The person speaking probably could've stabbed him, and he wouldn't have noticed. All of his attention was now fixed on them, like he was under a spell.

Adolin, eyes darting between the people speaking, nodding earnestly when they paused.

Shallan, frowning thoughtfully, giving a careful response that had the group members murmuring in approval long before she finished.

Adolin, tucking a stray strand of hair behind Shallan’s ear.

Shallan's tiny head tilt towards him in response.

The pressure of the cough was building, so much that Kaladin couldn't pretend he would be able to hold it back any longer.

Shallan's gaze flicked to him, and she smiled.

Kaladin yanked his eyes away.

_Not here._

“Excuse me,” he managed to choke out, stepping back and nearly running for the door.

He escaped into the empty hallway, lungs screaming. It took excruciating minutes to find an unoccupied room, all the while holding his breath and keeping a hand over his mouth, hoping to keep the cough at bay for a little longer. He headed for the back wall, intent on getting away from the door so no one would hear.

He got about halfway across the room before he couldn't hold it back anymore.

Syl spun around him as he sank to the floor, coughing like his lungs were trying to exit his body, flower petals coming up in clumps. “Kaladin, just tell them!”

“ _No_.” Petals littered the floor, red and blue, pink and gold. Mocking him.

“You could die!”

“That was never proven.”

“Because everyone your father treated ended up being honest about it, I assume!” Syl zipped to the ground in agitation, assuming her tiny human form again. “Kaladin, let them help you. However they can.”

“They _can't.”_ Flower petals danced around him, and he sounded hoarse when he spoke next. “I have to get rid of this myself.”

Syl gestured up at him. “Why haven't you _learned,_ yet? You don't have to do this alone!’

“This, I do.” The slight change in topic allowed him a brief respite, and he scrubbed a sleeve over his mouth, panting. “I can't do this to them. It wouldn't help anyone.”

“It would help you!”

“No. The risk is too great.” He thought of how they would look at him--shocked, disbelieving, incredulous, disgusted--and doubled over again.

“You don't have to protect them from this. You don't need to. It's not worth it.”
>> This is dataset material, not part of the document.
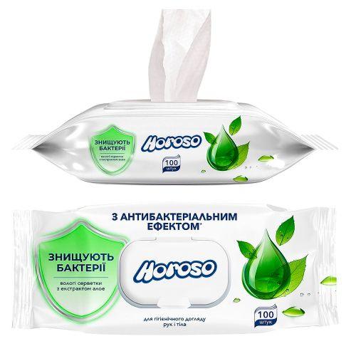Салфетки влажные с антибактериальным эффектом экстракт алоэ Horoso 100шт/уп
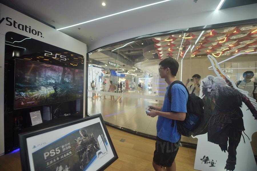 8月20日,游戏爱好者在杭州一家索尼门店通过游戏机体验游戏《黑神话:悟空》。新华社发(龙巍摄)

“It _is._ This would complicate so much. I can't--I _can't_ do that to them! They don't deserve that!”

“But you don't deserve this!”

He didn't respond.

Syl watched the petals flutter from his mouth, then set her jaw. “If you're not going to help you, I will.”

“No! Syl, don't--”

He tried to stand and go after her, but the mere thought of Shallan and Adolin discovering him as he was made him collapse back to his knees, coughing.

_Ironic,_ he couldn't help thinking, as the veritable blanket of petals around him grew thicker.

“Kaladin?” he heard Adolin call, frighteningly soon. They must have been looking for him already.

The door burst open behind him. He hunched his shoulders, suddenly wishing he was a Lightweaver so he could hide himself in the middle of a room.

“Jezerezeh. Kaladin!”

He refused to look up at them; even when they skidded to a halt before him, even when they dropped to their knees next to him. He forced himself to think of other things, to be able to breathe.

It didn't work.

“Kaladin, what--”

“It's nothing,” he interrupted, through the coughs. “Syl is overreacting.”

“Stormfather, you absolute chull of a man, this is obviously not nothing!”

“Shallan--”

“Adolin, look at him!” she exclaimed, gesturing to the layer of flower petals around them, voice rising to a shriek. “He could choke, he could stop breathing, he could--he could _die!”_

Adolin reached for her, touching her arm in an effort to calm her. Unfortunately, seeing that started off another round of coughing. It was such a small thing, but somehow it held so much meaning to them--and to him.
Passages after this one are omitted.